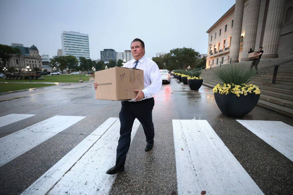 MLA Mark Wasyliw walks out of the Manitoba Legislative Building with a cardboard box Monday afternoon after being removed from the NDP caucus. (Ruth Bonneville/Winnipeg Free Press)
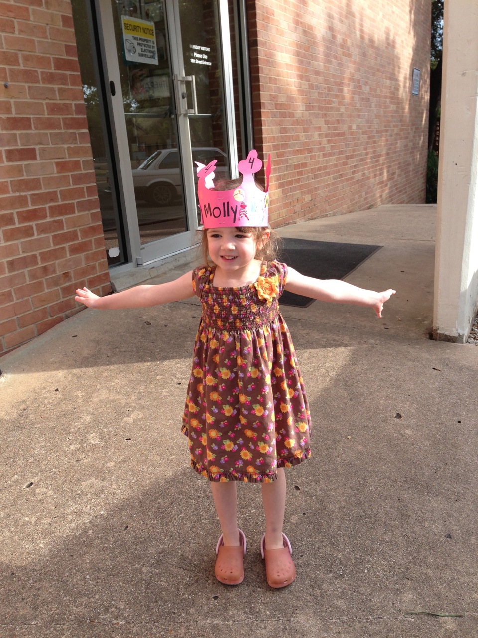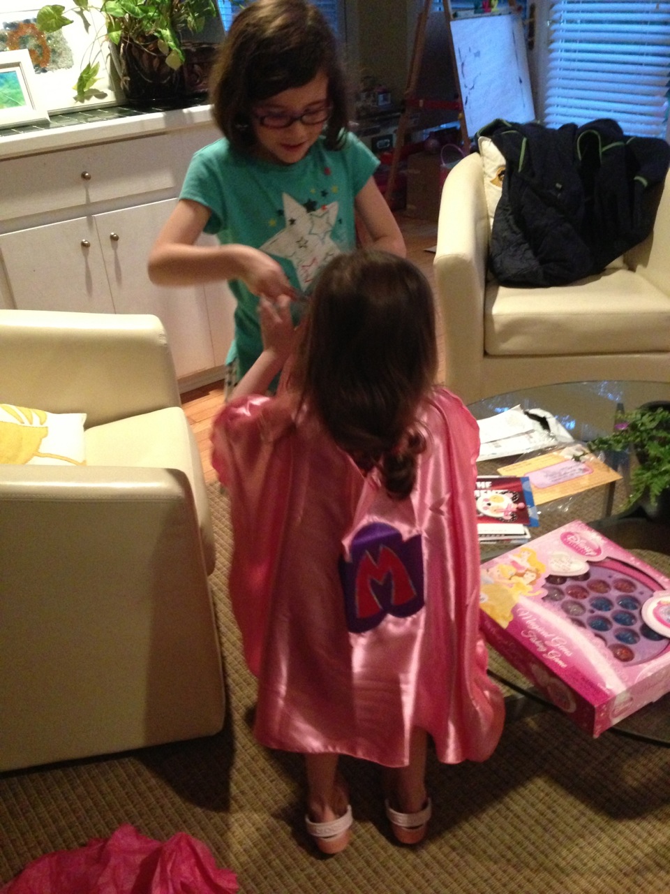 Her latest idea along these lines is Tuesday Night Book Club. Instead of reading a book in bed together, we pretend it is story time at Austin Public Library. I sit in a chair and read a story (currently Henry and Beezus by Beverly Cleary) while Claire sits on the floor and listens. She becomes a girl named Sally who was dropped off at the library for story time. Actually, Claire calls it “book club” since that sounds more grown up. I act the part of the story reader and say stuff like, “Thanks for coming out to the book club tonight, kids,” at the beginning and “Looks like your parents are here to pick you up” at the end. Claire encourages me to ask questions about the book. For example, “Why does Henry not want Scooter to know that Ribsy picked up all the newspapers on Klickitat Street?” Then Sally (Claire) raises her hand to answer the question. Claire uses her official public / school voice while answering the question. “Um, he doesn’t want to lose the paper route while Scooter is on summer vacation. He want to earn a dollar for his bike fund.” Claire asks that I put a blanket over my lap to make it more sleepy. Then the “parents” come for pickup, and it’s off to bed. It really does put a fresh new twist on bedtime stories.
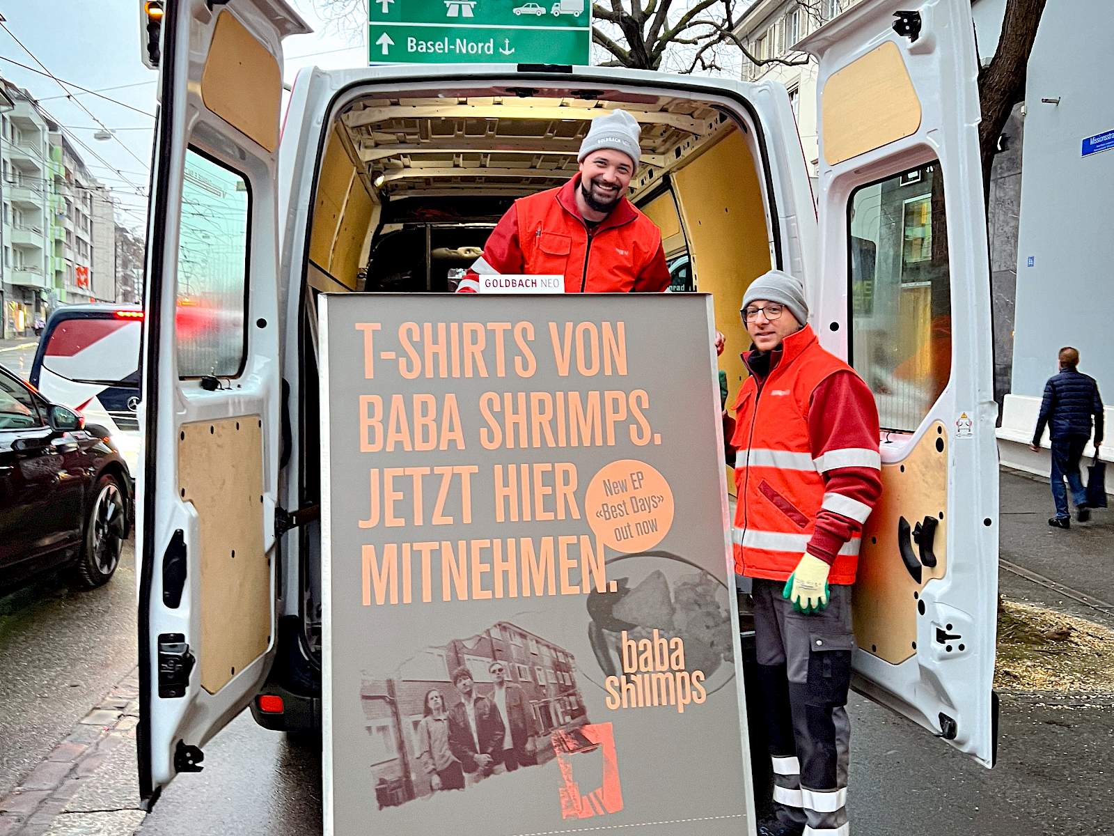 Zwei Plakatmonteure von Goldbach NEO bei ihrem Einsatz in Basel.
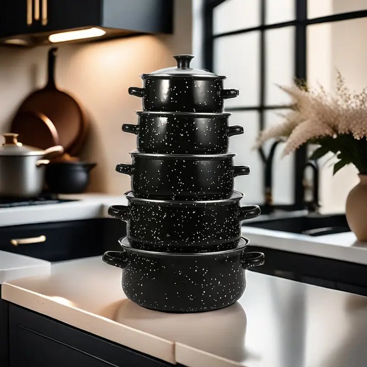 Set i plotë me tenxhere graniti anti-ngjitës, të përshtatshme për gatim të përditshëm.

▶ [Prompt]
Leave the pictures out and retype only the lines from the line with "Zwei Plakatmonteure von" through the final line of the material, both ends included, word for word.

▶ [Answer to this problem]
 Zwei Plakatmonteure von Goldbach NEO bei ihrem Einsatz in Basel.
 Set i plotë me tenxhere graniti anti-ngjitës, të përshtatshme për gatim të përditshëm.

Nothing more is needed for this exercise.